What appears to be a new building is under construction in a field adjacent to an underground facility located east of the 50 MWe Reactor complex, near its associated pump house. Earlier this year, some trenching work was done in this area, although for what purpose is still unclear. Given that the 50 MWe Reactor was never completed and is gradually being dismantled, the earlier trenching and this new building could be related to the nearby underground facility or supporting agricultural activities.

It should be noted that this newly observed foundation work is taking place in the same spot where a building once stood a decade ago. The previous building was razed in 2011, and the site was covered over. That building measured approximately 7 by 18 meters, whereas this new foundation is approximately 7 by 14 meters. This strongly suggests that a new building is being erected rather than simply uncovering the previous building’s foundation. On October 19, a thin, linear trench was observed running from the northeast corner of the foundation to the edge of the wooded area to the northeast.

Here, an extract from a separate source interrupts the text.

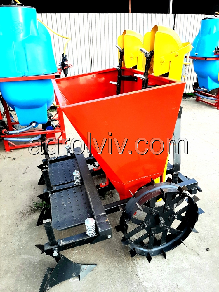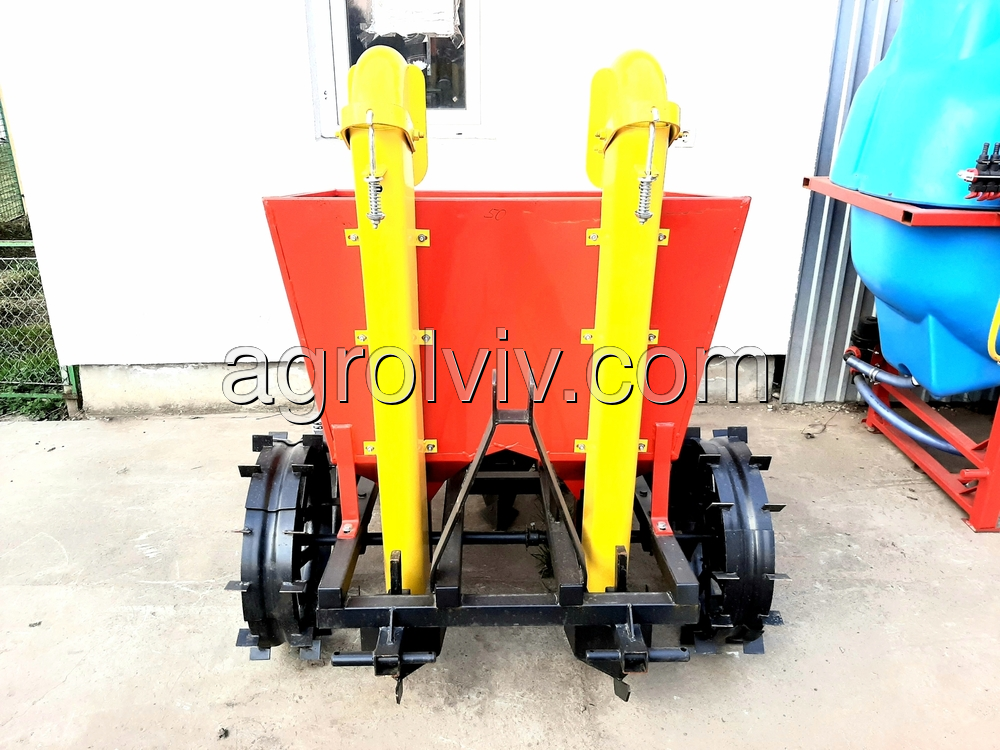 Саджалка картоплі дворядна на 50 см. має ширину міжряддя від 53 см. до 57 см. Використовується на міні тракторах які мають колісну базу до 1 м - 1,10 м.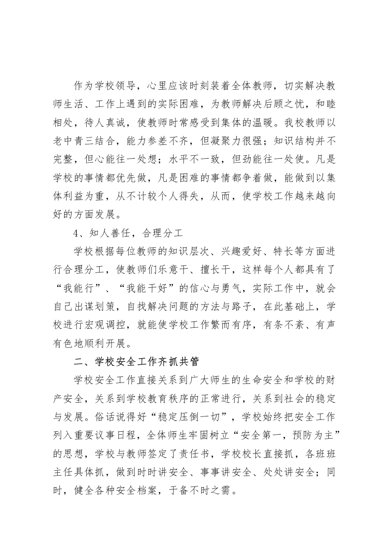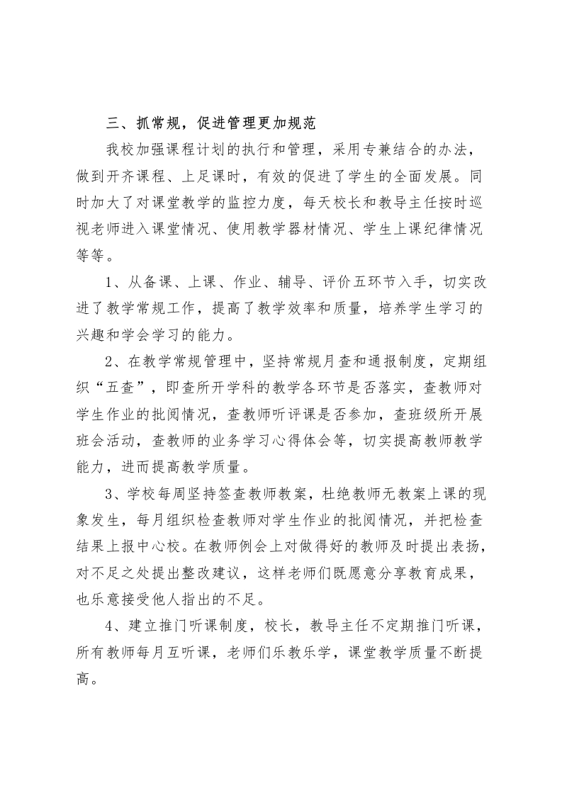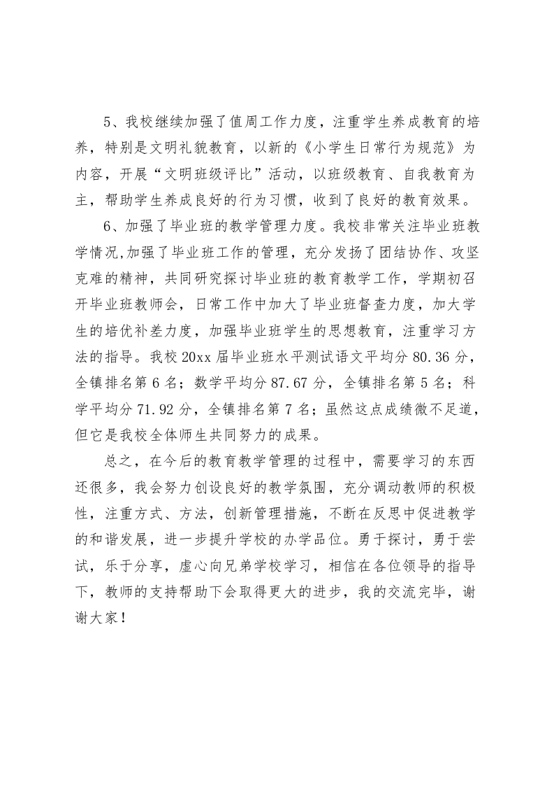 学校教育教学管理交流,校长发言努力创设良好的教学氛围,充分调动教师的积极性尊敬的各位领导、同仁:大家早上好!很荣幸,今天能站在这里和大家一起交流教育教学管理方面的问题。首先,感谢中心校领导的关心与厚爱,同时也感谢一直默默支持和帮助我的各位教师,因为有了你们的关心、支持,xx小学才有今天的成果。面对新的教育形势,怎样进一步加强教学管理、提高教育成效,是我们共同面对的课题。下面我将我校的教育教学管理方面的一些做法和体会,和大家一起探讨和交流,不当之处,敬请批评指正。一、抓管理促规范1、科学管理,以人为本学校发展,教师为根本;提升质量,管理是关键。我校以组建团结和谐的教师队伍为基础,充分调动教师的积极性,通过人文的管理,使我校的面貌发生了很大的变化。2、人人参与、民主管理在管理上实行人性化的管理。我认为好的团队不是管出来的,对学校事务,广泛争取教师的意见,在畅所欲言的基础上,制定决策,不搞独断专行,使教师敢说心里话、愿说心里话,时刻把自己当成学校的主人公,愿意为学校的发展献言献策。3、待人以成,激发潜能

Figure 3. New building under construction in field near an underground facility where trenching occurred earlier this year.

Image Pleiades © CNES 2022, Distribution Airbus DS. For media options, please contact [email protected]

Uranium Enrichment Plant Area

At the former Fuel Rod Fabrication Plant site, construction of a building of unknown purpose on the southeast side of the complex next to the Metal Alloy Workshop has resumed after several years of stalled activity.

Additionally, activities to dismantle or repurpose the UO2 to UF4 Conversion Plant, which were first observed in imagery from July 22, continue. One of the two multi-story buildings has been fitted with a clerestory upper floor, while the roof of the other building has been removed. At this stage, it is not possible to determine the purpose of these efforts.

Figure 4. Construction and dismantling work observed around UEP on October 18, 2022.

Image Pleiades © CNES 2022, Distribution Airbus DS. For media options, please contact [email protected]

Radiochemical Laboratory (RCL) Area

At the RCL, a new building is being constructed at the southwest side of the complex, just outside of the security perimeter. The purpose of the building, or whether it will ultimately be incorporated within the confines of the RCL, is unknown.

Figure 5. New building foundations constructed at Radiochemical Laboratory.

Image Pleiades © CNES 2022, Distribution Airbus DS. For media options, please contact [email protected]

Reactors Area

Around the ELWR, construction of a new two-story building adjacent to the engineering office building west of the reactor, which was first observed in imagery from July 22, continues. This area was previously the location of a greenhouse.

Additionally, the previously reported three-building complex, located immediately south of the ELWR just outside the security perimeter, appears to have been completed. The functions of these three buildings remain unknown.

Figure 6. Construction completed near ELWR observed on October 18.

Satellite image © 2022 Maxar Technologies, Image Pleiades © CNES 2022, Distribution Airbus DS. For media options, please contact [email protected]

Main Research and Administrative Headquarters Area

Around the Main Research and Administrative Headquarters Area, the roof has been added to the new wing of one of the research buildings. This expansion project has spanned more than two years but appears now complete.

Figure 7. New roof added to wing of research building at Main Research and Administrative Area.

Image Pleiades © CNES 2022, Distribution Airbus DS. For media options, please contact [email protected]

 


  1. [1]

    The North’s recent emphasis on miniaturization may require lower burn-up plutonium for some of the designs. This would require shorter reactor operation cycles, which would be seen as more frequent fuel discharges and short shutdowns.

  2. [2]

    HF is a chemical used to convert uranium dioxide to uranium tetrafluoride, an intermediate step to producing uranium metal for 5 MWe Reactor fuel.